(Records provided Opens)

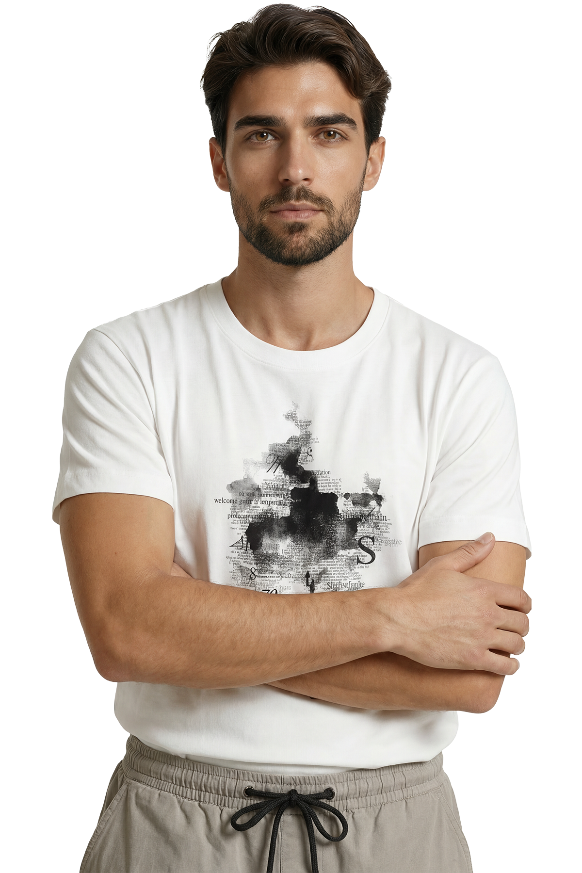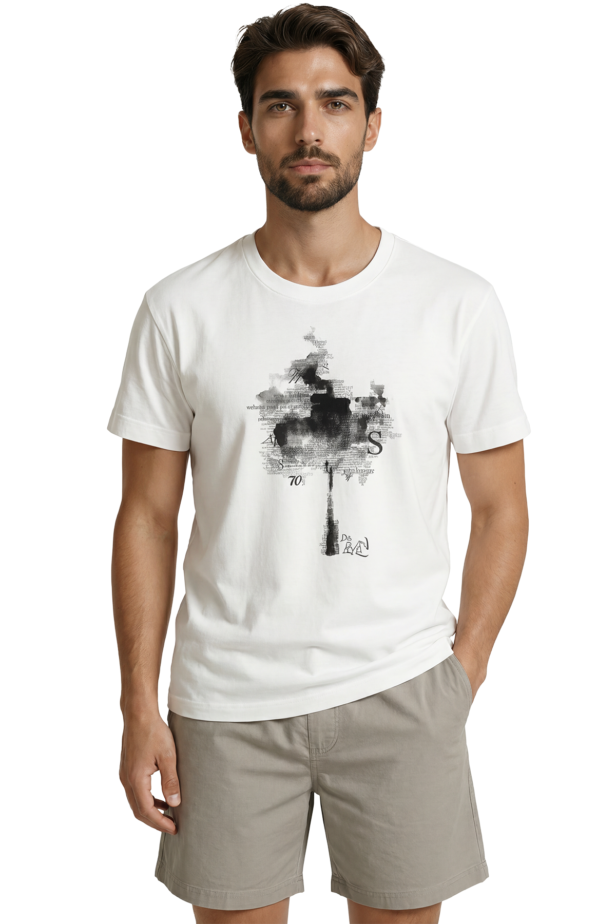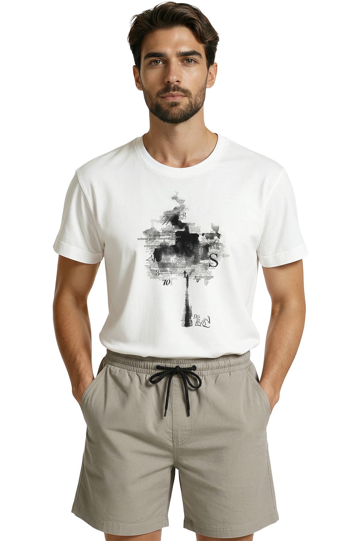 Sıradan bir ağaç figüründen çok daha fazlası. Mürekkep lekelerinin rastgele dağılımı ve aralarına gizlenmiş tipografik öğelerle (harfler ve rakamlar) oluşturulan bu soyut ağaç tasarımı; doğanın organik yapısını, insanın entelektüel dünyasıyla birleştiriyor. "Grunge" ve "Avant-garde" sanat akımlarından izler taşıyan bu siyah-beyaz çalışma; derinliği olan, düşündüren ve stilinde sanatsal bir gizem arayan erkekler için tasarlandı.
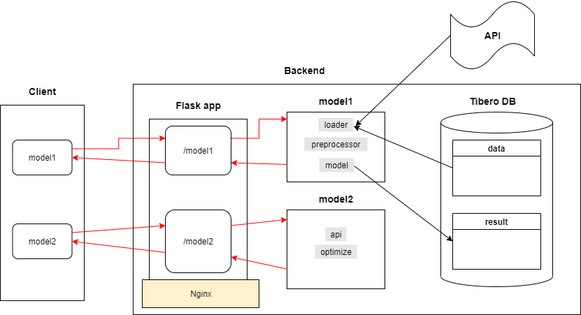 개발에 앞서 다음 그림과 같은 구조를 기획했다. Flask app server는 클라이언트의 요청을 라우팅하는 router 모듈로 동작하고, backend server는 Flask app server에서 받은 요청에 따라 그에 맞는 모델을 호출해 작업을 수행한 뒤 결과를 돌려준다.
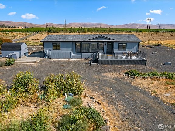 From sunrise to sunset, enjoy breathtaking Quincy Valley views from this 9.75-acre property. A 3-bed, 2-bath MFH has been refreshed with new deck, flooring, trim, and paint. Two 30x50 state-of-the-art greenhouses with heated floors, grow lights, and climate control are ready to produce. A private well with dual 3,000-gal. tanks supports agriculture or expansion, plus a shop and buildable lot with ADU potential. Zoned ag use—ideal for vineyard, nursery, lavender, or Christmas trees. Three acres are cultivated and ready to plant; the balance is natural high-desert landscape enhanced by lilacs, sumacs, lavender varieties, and a sunflower garden. Buyer to verify. Professionally inspected!
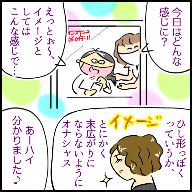 【ヘアスタイル難民】美容院、なぜか希望の髪型にならない 2022年10月20日 19:33 末広がっとるやないか〜い(心の声)ダメ押ししてくるまぁいっか、おめでたい感じできっとすぐ収まる(てか慣れる)だろう…多分ね◯☆゚・:,。*:..。o○☆*:゚・:,。*:..。o○☆゚・:,。*:..こんにちは、へそです。毎度おそがいチャンネルをご覧いただきありがとうございます。パワーがアップするので 拍手・コメント・読者登録 などリアクションいただけると嬉しいです。ではまた見てくださいね〜! 「その他」カテゴリの最新記事 タグ :#ライブドアブログ#コミックエッセイ#絵日記#イラスト#美容院#末広がり#ヘアスタイル難民 < 前の記事次の記事 > コメント コメント一覧 (6) 1. mie 2022年10月23日 23:28 なかなかね。思い通りのヘアスタイルになった事ない(T . T) あーやったり、こーやったりして、その内自分になじんでくるというか、見慣れてくる?(笑) 0 へそ がしました 4. へそ(ブログ管理人) 2022年10月24日 07:51 >>1 mieさま mieさまもですか✨ そーおなんですよ、お陰様で10日経ってようやく馴染んできました😃 0 へそ がしました 2. まるる 2022年10月23日 23:39 わかるー! そんな難しい事言ってないけど。。と思う事多々。 ちょっとここがと言おうともんならクレームつけられたと勘違いして不機嫌になるし 何故こっちが気を使わないといけないのやら。。😩 最近の美容師指導 どうなってるのかしら? 0 へそ がしました 5. へそ(ブログ管理人) 2022年10月24日 07:52 >>2 まるる様 共感嬉しいです😃 機嫌が悪くなるとかやめて…たまの美容院、癒しておくれよ!ってなりますよねぇ。 0 へそ がしました 3. ひー 2022年10月24日 05:09 素人でも分かる!レイヤーを入れて、トップと裾のロットは変える…パーマの後にもカットする…美容師さん選びって、彼氏選びより大切だと思います! 0 へそ がしました 6. へそ(ブログ管理人) 2022年10月24日 07:56 >>3 ひー様 彼氏選びより大切…うまいっ!確かに合う美容師さん探しの旅に出っ放しの人(ホッ◯ペッパービューティーのクーポン握りしめ)、結構いますよね。 0 へそ がしました コメントフォーム 名前 コメント 記事の評価 リセット リセット 顔 星 情報を記憶 コメントを投稿する
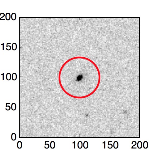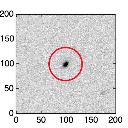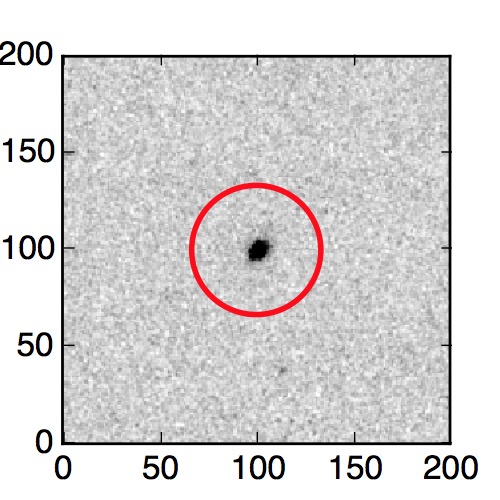 The red circle in the various panels is 1" in radius. The images are 6"x6".
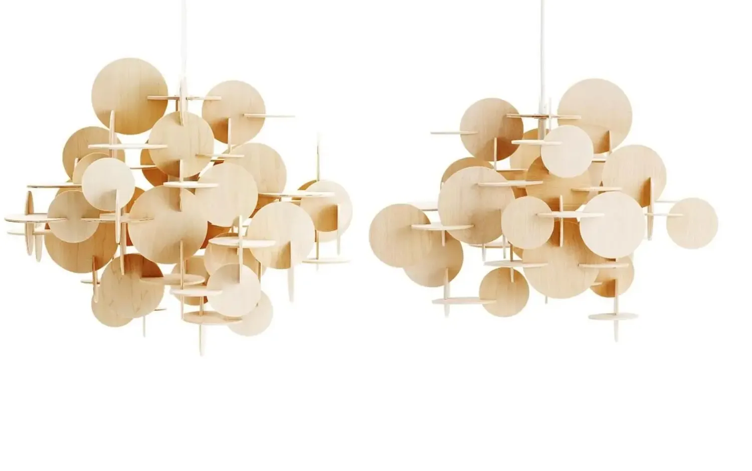 De forskellige størrelser skiver er omhyggeligt placeret, så de danner et dynamisk mønster. Dette giver lampen en særlig karakter, der både fungerer som lyskilde og som et kunstnerisk element i din indretning.
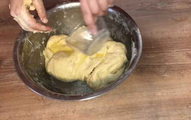 Μετά από μια ώρα αφού έχει φουσκώσει την ξαναζυμώνουμε
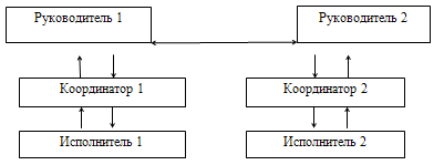 Линейный вариант предполагает строгую вертикальную иерархию в управлении (рис. 1), которая существенно удлиняет путь от одного исполнителя к другому, но практически нейтрализует проблемы подчиненности.
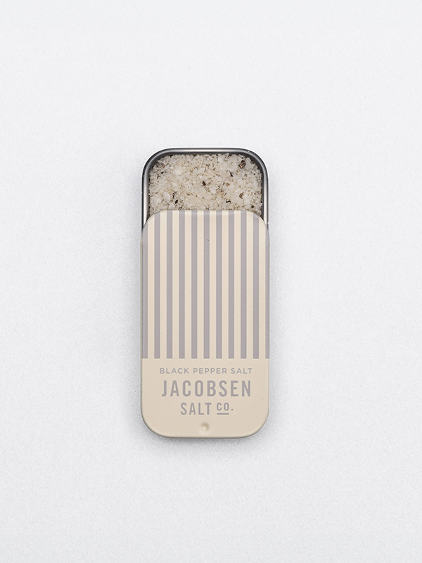 Jacobsen's kosher salt infused with freshly ground Tellicherry peppercorns for a bright, briny take on a classic combo.
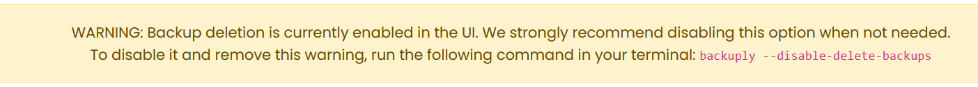 Disables the option to delete backups from the Backuply UI to prevent accidental data loss.
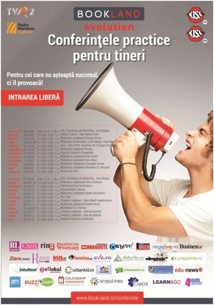 Tinerii vor avea astfel oportunitatea să întâlnească unele dintre personalităţile marcante ale oraşului, să le cunoască poveştile de succes şi să le adreseze întrebări în cadrul Conferinţelor practice BookLand Evolution, care se desfăşoară în fiecare seară, de luni până vineri (9-13 noiembrie 2015), la Biblioteca Judeţeană „Panait Istrati", în intervalul orar 15:00-16:30. În cadrul fiecărei conferinţe vor lua cuvântul câte trei profesionişti, iar liceenii şi studenţii pot participa gratuit. Iniţiativa are ca scop dezvoltarea personală şi profesională a tinerilor prin soluţii practice şi experienţe reale de viaţă, urmare a exemplelor oferite de invitaţii capabili să-i inspire şi să-i motiveze.
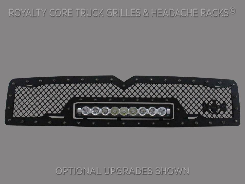 Royalty Core's proprietary corrosion resistant stainless technology creates the most durable grille on the planet. It's engineered to exploit the cleanest installation possible for your specific truck model. This Royalty Core grille is customized to best match your truck with military grade strength you can count on such as a 12 gauge stainless steel construction, optimal mounting brackets, CNC precision machined brackets, frame, and logos, hand fabricated, all gloss surfaces are buffed to a deep smooth mirrored finish, triple chrome plated T304 stainless studs around frame with star flange design, stainless super woven mesh, and absolutely no plastic. Royalty Core offers the industry's largest customized line of grilles and logos available.
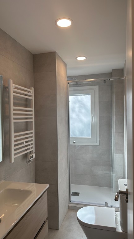 Se ha llevado a cabo la reforma con excelentes calidades: paredes lisas, pavimento porcelánico en baño, cerramientos con cumplimiento de máxima eficiencia energética (climalit con doble acristalamiento) y electricidad y fontanería completamente nuevos.
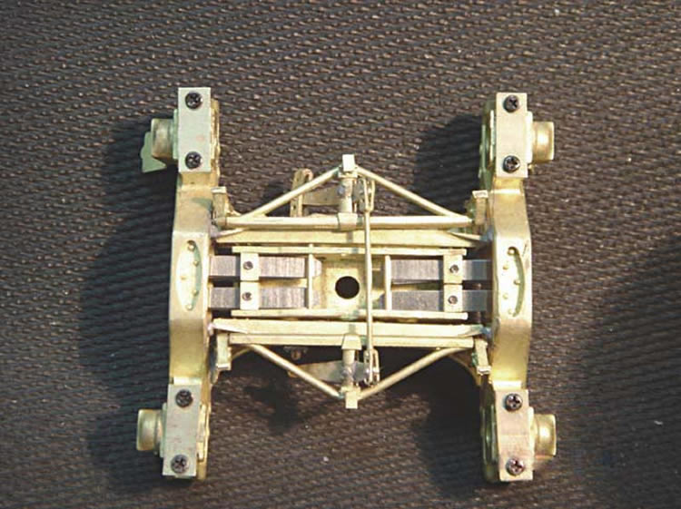An underside view of a nearly complete tender truck is shown above minus the wheelsets and axles. The truck has complete brake detail of course, but it also has real fabricated leaf springs housed in the center bolster and they are functional just as the springs in the locomotive lead truck are. All of the fasteners used at this point in the development are temporary and will be replaced with scale type fasteners
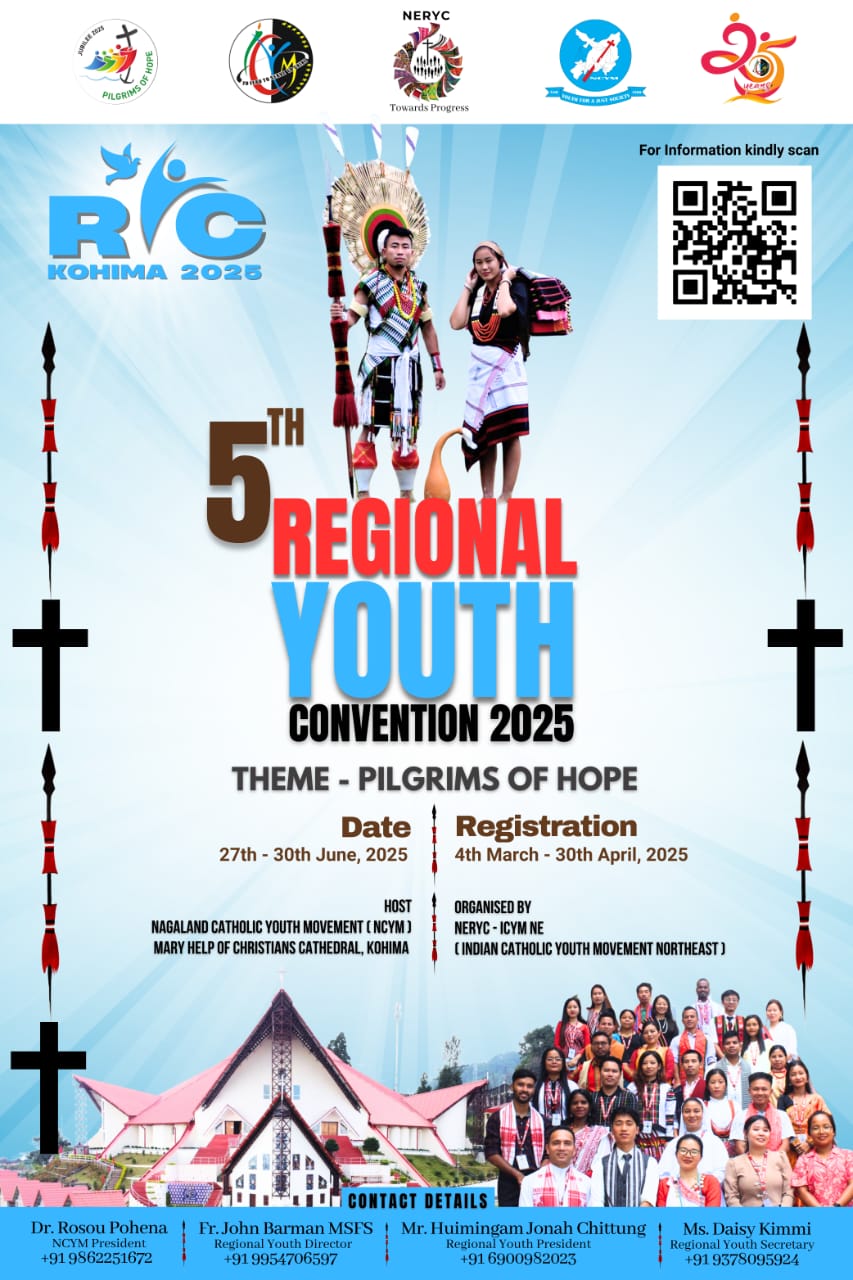 BONGAIGAON, 1 March 2025 – The poster for the 5th Regional Youth Convention (RYC) 2025 was officially unveiled during the North East India Regional Bishops’ Council (NEIRBC) meeting at Bishop’s House, Bongaigaon, Assam. The event, held from 28 February to 1 March, marked a significant step in promoting youth engagement in the Church.

(Records provided Closes)

Task instructions: The line containing "개발에 앞서 다음 그림과" marks the end: retype every line from the first one in the listing up to and including it, without pictures.

Result for this task:
 Sıradan bir ağaç figüründen çok daha fazlası. Mürekkep lekelerinin rastgele dağılımı ve aralarına gizlenmiş tipografik öğelerle (harfler ve rakamlar) oluşturulan bu soyut ağaç tasarımı; doğanın organik yapısını, insanın entelektüel dünyasıyla birleştiriyor. "Grunge" ve "Avant-garde" sanat akımlarından izler taşıyan bu siyah-beyaz çalışma; derinliği olan, düşündüren ve stilinde sanatsal bir gizem arayan erkekler için tasarlandı.
 개발에 앞서 다음 그림과 같은 구조를 기획했다. Flask app server는 클라이언트의 요청을 라우팅하는 router 모듈로 동작하고, backend server는 Flask app server에서 받은 요청에 따라 그에 맞는 모델을 호출해 작업을 수행한 뒤 결과를 돌려준다.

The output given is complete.